▶ _Records supplied_:
==================================================

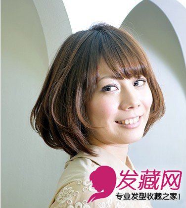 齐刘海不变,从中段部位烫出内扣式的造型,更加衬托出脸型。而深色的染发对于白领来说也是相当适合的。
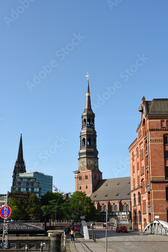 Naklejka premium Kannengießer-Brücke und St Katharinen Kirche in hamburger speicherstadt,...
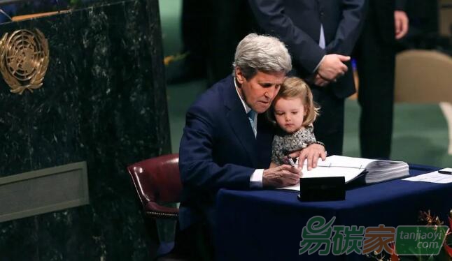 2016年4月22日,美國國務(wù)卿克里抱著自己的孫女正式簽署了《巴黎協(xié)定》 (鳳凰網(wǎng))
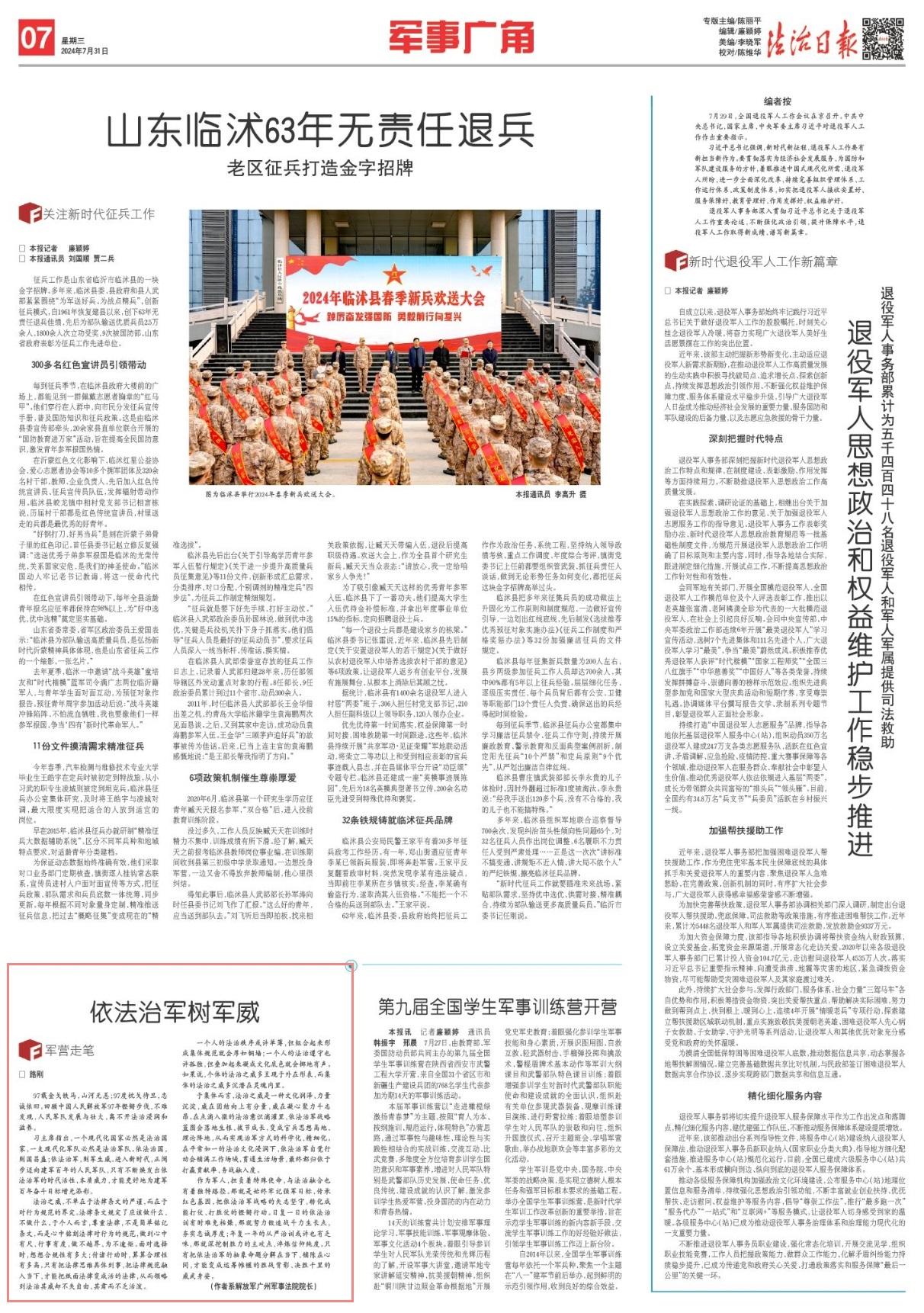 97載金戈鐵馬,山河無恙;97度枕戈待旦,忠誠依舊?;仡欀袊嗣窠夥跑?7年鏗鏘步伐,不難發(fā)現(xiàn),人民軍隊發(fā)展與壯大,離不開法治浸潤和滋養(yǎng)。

==================================================

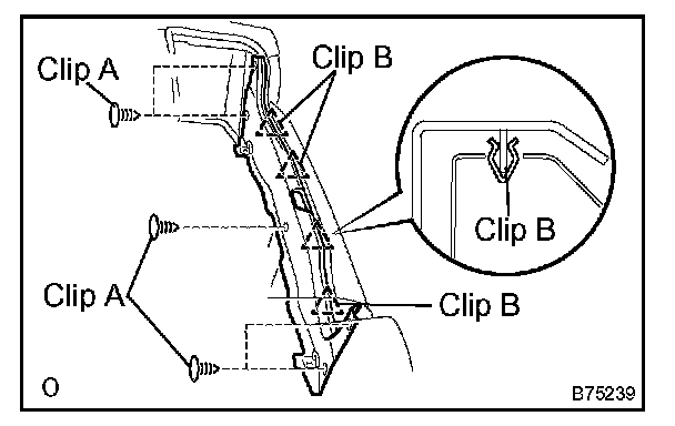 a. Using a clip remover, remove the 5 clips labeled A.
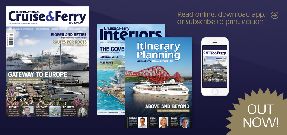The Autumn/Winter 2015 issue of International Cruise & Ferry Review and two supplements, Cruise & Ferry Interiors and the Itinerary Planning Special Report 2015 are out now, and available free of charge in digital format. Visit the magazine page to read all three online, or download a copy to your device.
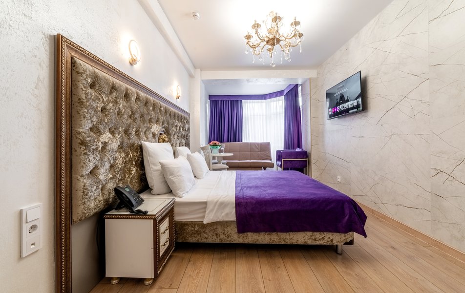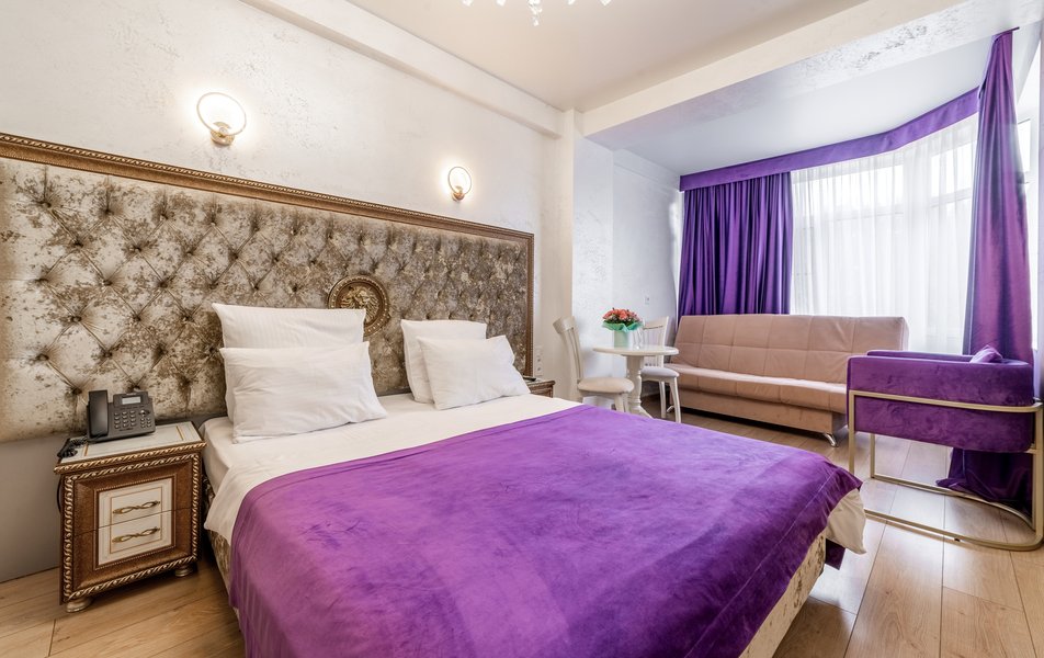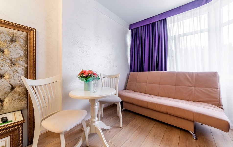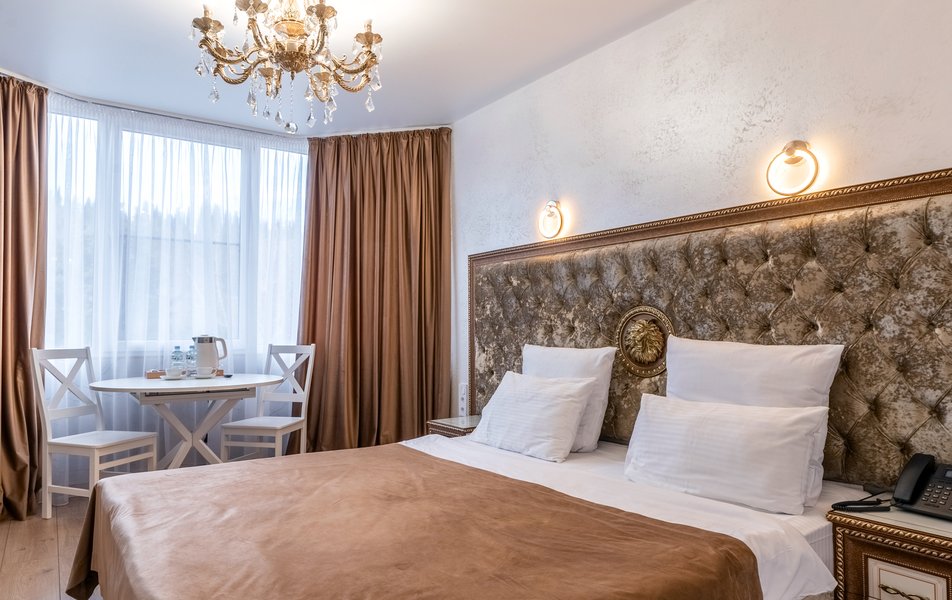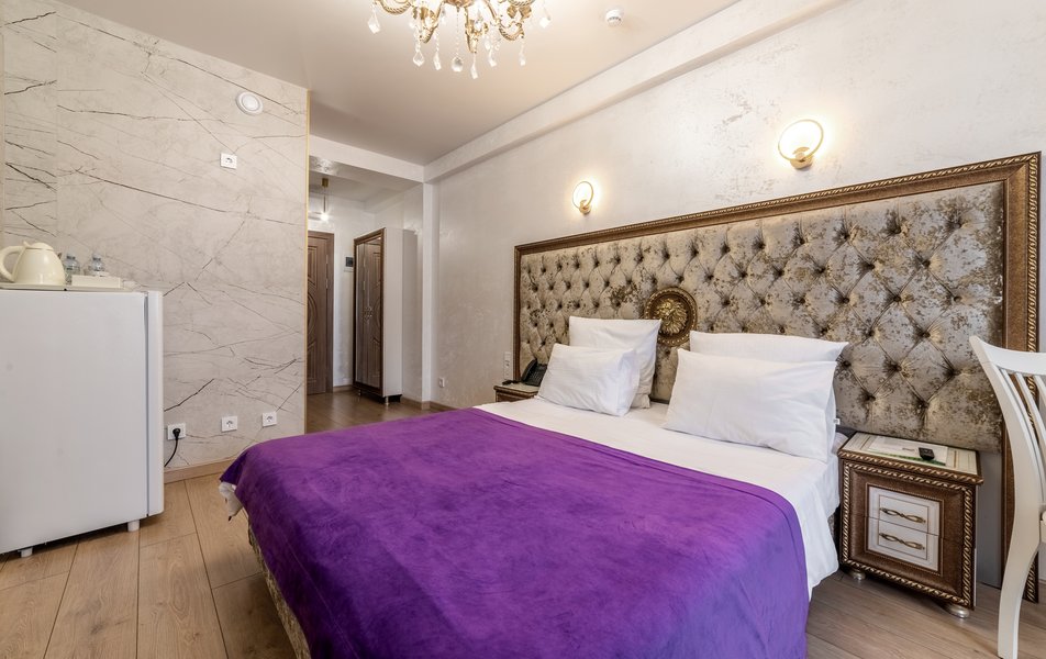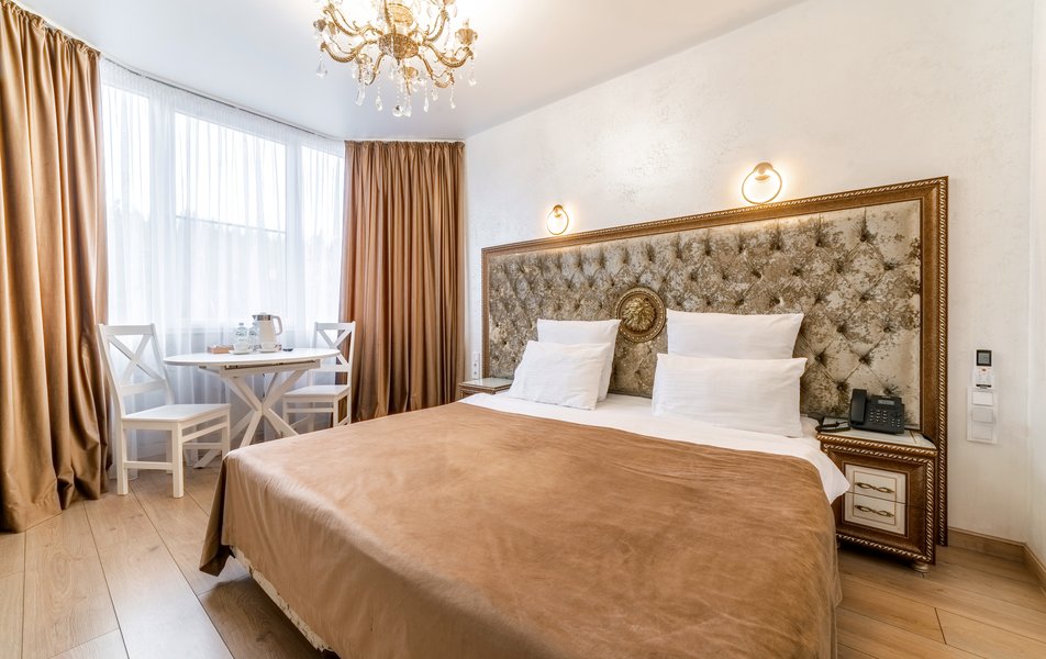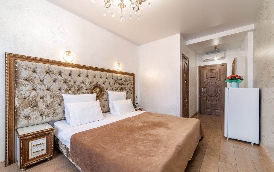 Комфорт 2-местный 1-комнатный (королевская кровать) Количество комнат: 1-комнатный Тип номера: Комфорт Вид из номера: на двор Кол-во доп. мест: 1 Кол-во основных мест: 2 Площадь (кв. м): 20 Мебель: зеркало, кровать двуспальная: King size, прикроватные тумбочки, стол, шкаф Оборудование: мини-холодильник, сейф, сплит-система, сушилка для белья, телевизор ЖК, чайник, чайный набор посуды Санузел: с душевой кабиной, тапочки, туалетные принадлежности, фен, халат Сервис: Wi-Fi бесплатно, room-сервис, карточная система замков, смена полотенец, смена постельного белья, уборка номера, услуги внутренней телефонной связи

==================================================

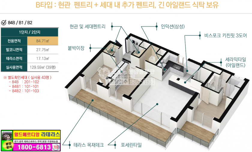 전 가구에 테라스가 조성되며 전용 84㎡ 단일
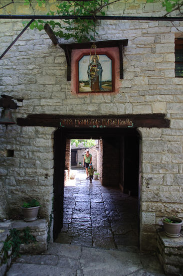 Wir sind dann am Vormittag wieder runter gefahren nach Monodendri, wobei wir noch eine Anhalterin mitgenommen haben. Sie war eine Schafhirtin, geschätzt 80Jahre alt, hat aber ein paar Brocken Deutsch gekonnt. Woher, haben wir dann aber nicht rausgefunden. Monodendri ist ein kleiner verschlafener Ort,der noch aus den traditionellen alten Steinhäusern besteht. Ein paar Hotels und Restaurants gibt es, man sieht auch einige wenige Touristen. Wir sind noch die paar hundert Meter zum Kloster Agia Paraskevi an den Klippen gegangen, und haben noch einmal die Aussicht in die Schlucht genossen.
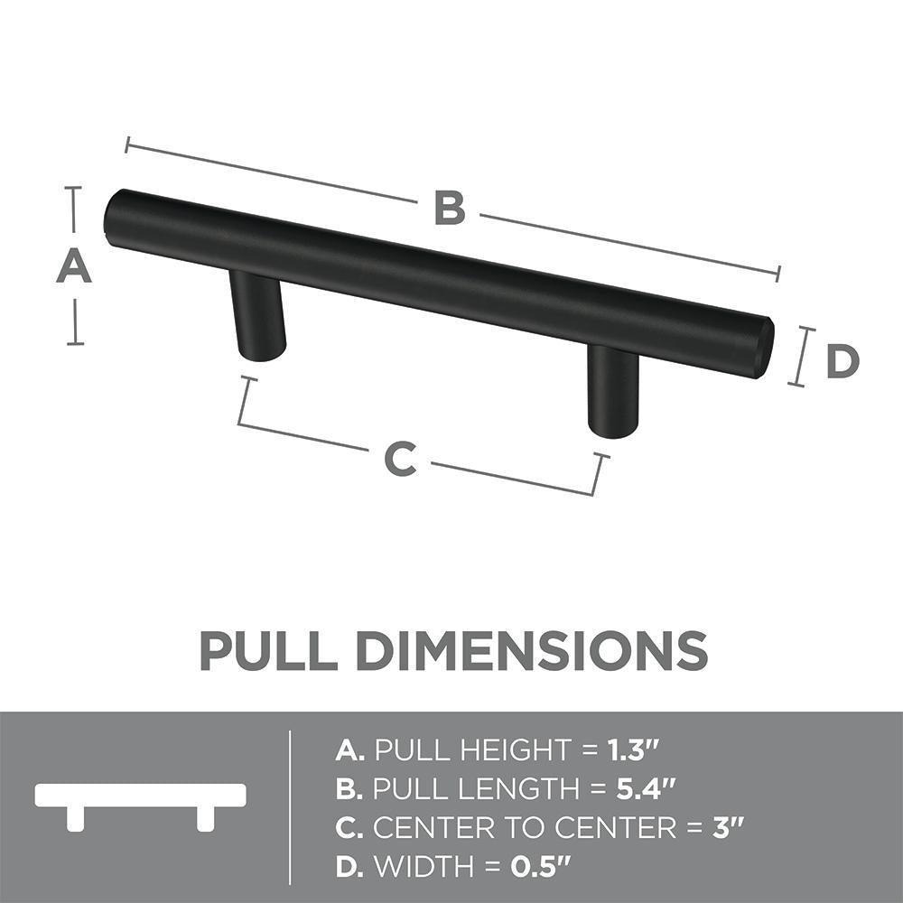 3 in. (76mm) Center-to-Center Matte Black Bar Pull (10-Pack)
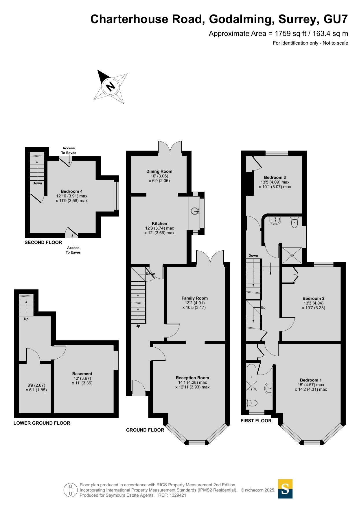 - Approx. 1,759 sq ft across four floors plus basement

==================================================

▶ _Task item_:
Your reply is to be an exact repeat of the listing above from the line holding "齐刘海不变,从中段部位烫出内" down to the line holding "97載金戈鐵馬,山河無恙;9", ends included, pictures excluded.

▶ _Output below_:
 齐刘海不变,从中段部位烫出内扣式的造型,更加衬托出脸型。而深色的染发对于白领来说也是相当适合的。
 Naklejka premium Kannengießer-Brücke und St Katharinen Kirche in hamburger speicherstadt,...
 2016年4月22日,美國國務(wù)卿克里抱著自己的孫女正式簽署了《巴黎協(xié)定》 (鳳凰網(wǎng))
 97載金戈鐵馬,山河無恙;97度枕戈待旦,忠誠依舊?;仡欀袊嗣窠夥跑?7年鏗鏘步伐,不難發(fā)現(xiàn),人民軍隊發(fā)展與壯大,離不開法治浸潤和滋養(yǎng)。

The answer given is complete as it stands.